**** COLLECTED DATA ****

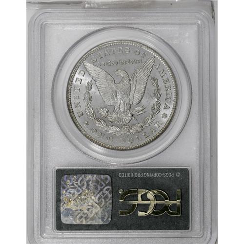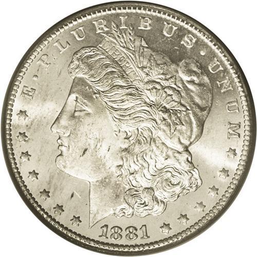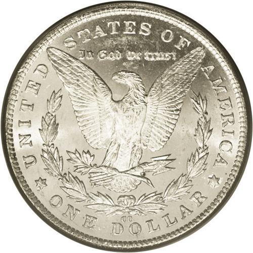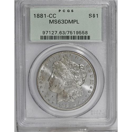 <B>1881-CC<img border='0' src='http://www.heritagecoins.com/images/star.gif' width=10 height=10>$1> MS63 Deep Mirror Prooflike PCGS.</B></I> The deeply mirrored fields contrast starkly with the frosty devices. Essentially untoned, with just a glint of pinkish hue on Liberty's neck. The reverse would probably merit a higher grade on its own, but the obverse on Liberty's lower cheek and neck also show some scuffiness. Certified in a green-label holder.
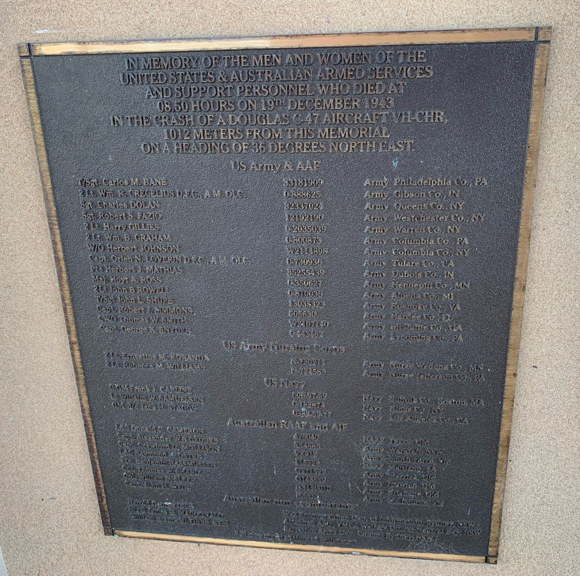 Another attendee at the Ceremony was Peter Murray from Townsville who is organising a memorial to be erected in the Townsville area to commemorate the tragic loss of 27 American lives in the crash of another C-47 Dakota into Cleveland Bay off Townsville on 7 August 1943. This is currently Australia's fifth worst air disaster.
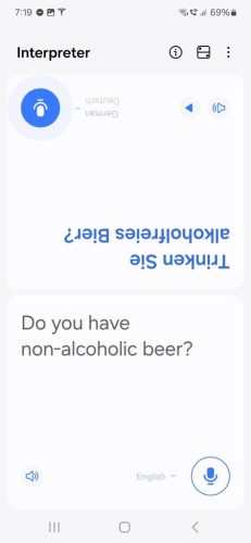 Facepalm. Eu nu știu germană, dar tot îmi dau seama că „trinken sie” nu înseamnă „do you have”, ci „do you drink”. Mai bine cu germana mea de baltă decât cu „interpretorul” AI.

****

• WHAT YOU HAVE TO DO: Reprint the whole listing above exactly, taking out the pictures.

• PROBLEM SOLUTION:
 <B>1881-CC<img border='0' src='http://www.heritagecoins.com/images/star.gif' width=10 height=10>$1> MS63 Deep Mirror Prooflike PCGS.</B></I> The deeply mirrored fields contrast starkly with the frosty devices. Essentially untoned, with just a glint of pinkish hue on Liberty's neck. The reverse would probably merit a higher grade on its own, but the obverse on Liberty's lower cheek and neck also show some scuffiness. Certified in a green-label holder.
 Another attendee at the Ceremony was Peter Murray from Townsville who is organising a memorial to be erected in the Townsville area to commemorate the tragic loss of 27 American lives in the crash of another C-47 Dakota into Cleveland Bay off Townsville on 7 August 1943. This is currently Australia's fifth worst air disaster.
 Facepalm. Eu nu știu germană, dar tot îmi dau seama că „trinken sie” nu înseamnă „do you have”, ci „do you drink”. Mai bine cu germana mea de baltă decât cu „interpretorul” AI.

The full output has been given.